The reason that they will not support the amendment is that they want to use this as some sort of leverage against bad behaviour in detention centres by, in effect, those who fall foul of these provisions being given a temporary protection visa. Does that ring a bell? They will not call it that. They will call it something like a 'non-permanent visa' or something like that, but what it will be is a TPV—that is what it will be. On this side of the House we think people convicted of crimes, who fail to satisfy the character test, should not be given a visa. That is what we think. We do not think they should get a visa, permanent , temporary or otherwise. If you have violated the behaviour, code, laws and standards of this country then it is no visa for you. You are not welcome in a country where you are going to violate and abuse those rules. So, the same practice and provisions that are applied for those who fail the ASIO security tests should be applied for those who fail the character test and are denied a visa. We put that before the government.

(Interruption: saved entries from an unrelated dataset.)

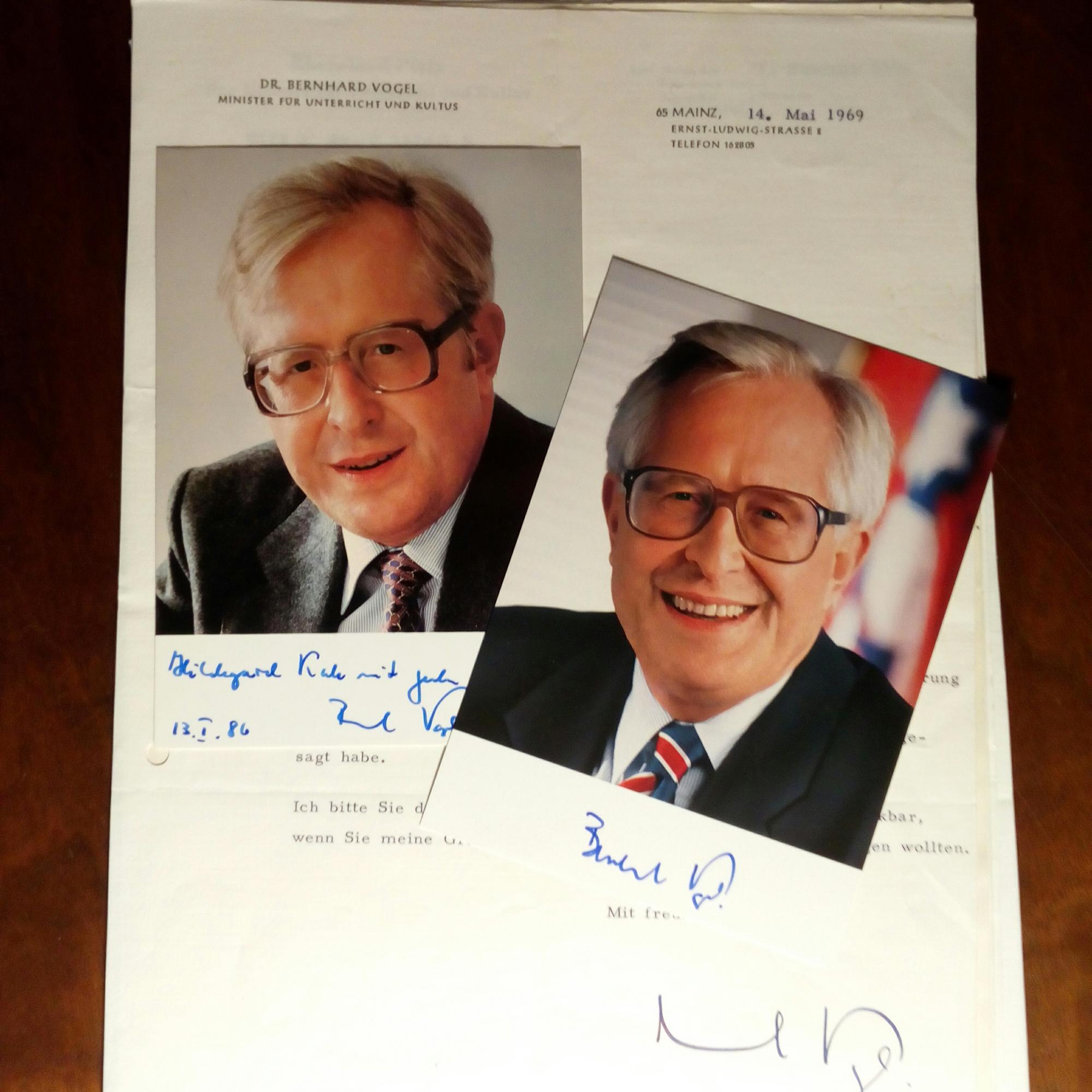 1932-2025, Politiker (CDU), Ministerpräsident von Sachsen, später Thüringen- 2 Farb-Pfo. mit U. Beiliegen 11 Briefe mit U.: Dank für Glückwünsche, Termine, Beteiligung an einer Künstler-Kolonie u.a., 1969-94, 2 mit postal. Umschlag u.a. kl. Beilagen.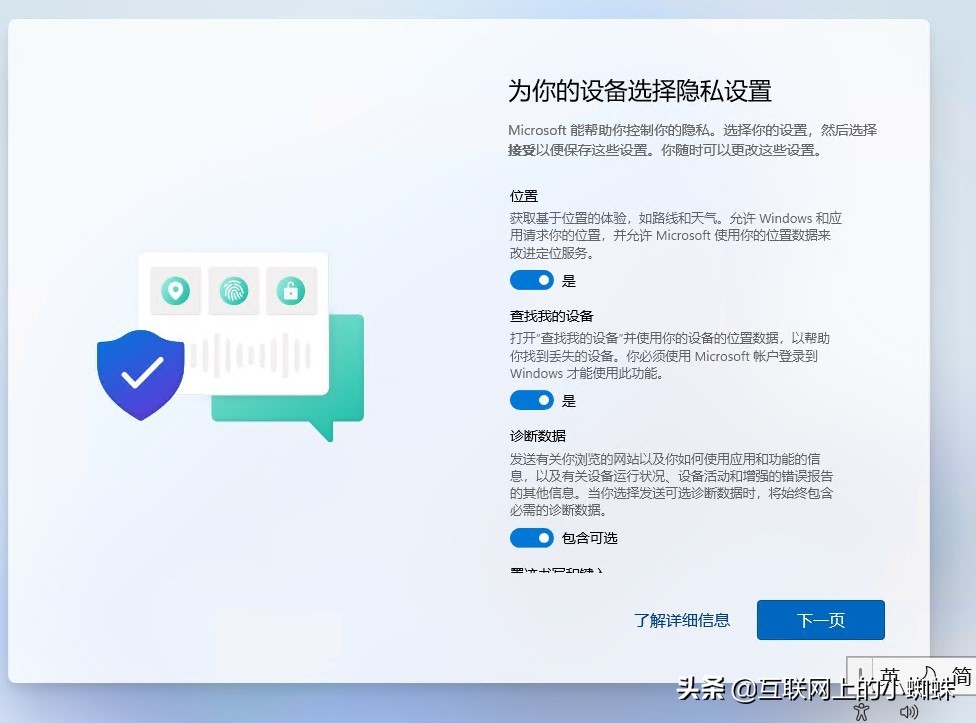 接下来设置电脑的隐私选项,根据需要开启或者关闭相关的隐私选项。完成相关的设置之后,点击【下一页】继续安装。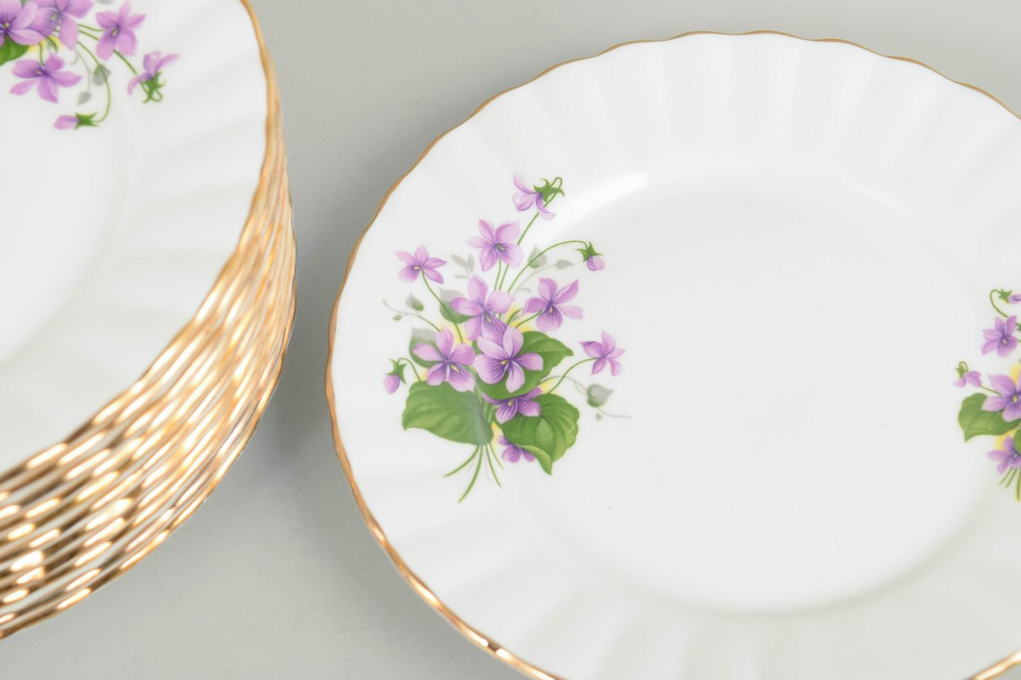 Sæt med tolv kagetallerkener i "bone china", dekoreret med fine lilla blomsterbuketter og forgyldt kant. Klassisk engelsk porcelæn med let relief og elegant, tidstypisk udtryk.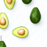 Avocado food concept on white background. From top view. Square Template. Flat lay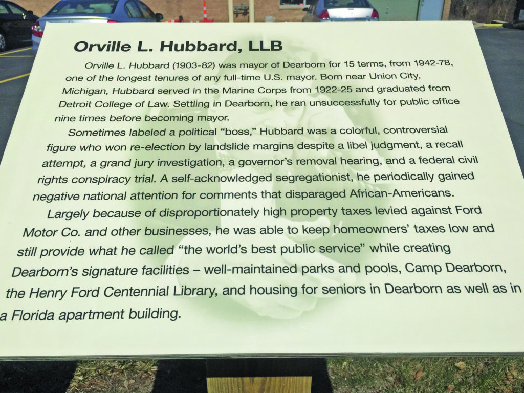 The plaque placed behind the Orville Hubbard statue outside of the Dearborn Historical Museum

The government likes to say that TPVs will be effective in discouraging bad behaviour in the detention network, but they think they will have no impact on discouraging someone from getting on a boat. The hypocrisy of the argument is laid bare. It does not even need the 50 seconds I have remaining to make the point, because the government inches painfully closer every day to the provisions that were put in place by the Howard government. It is taking them far too long to get there. It is important that this government starts to wise up, move ahead and get to the policies that worked last time. Stop all this mucking around with all these ridiculous deals, none of which ever seem to land. Stop talking to countries that are not interested and not talking to ones that are, like Nauru, and get on with the job of stopping the boats and ensuring that our detention network does not continue to fill up and create the chaos that has occurred as a result of the government's mismanagement.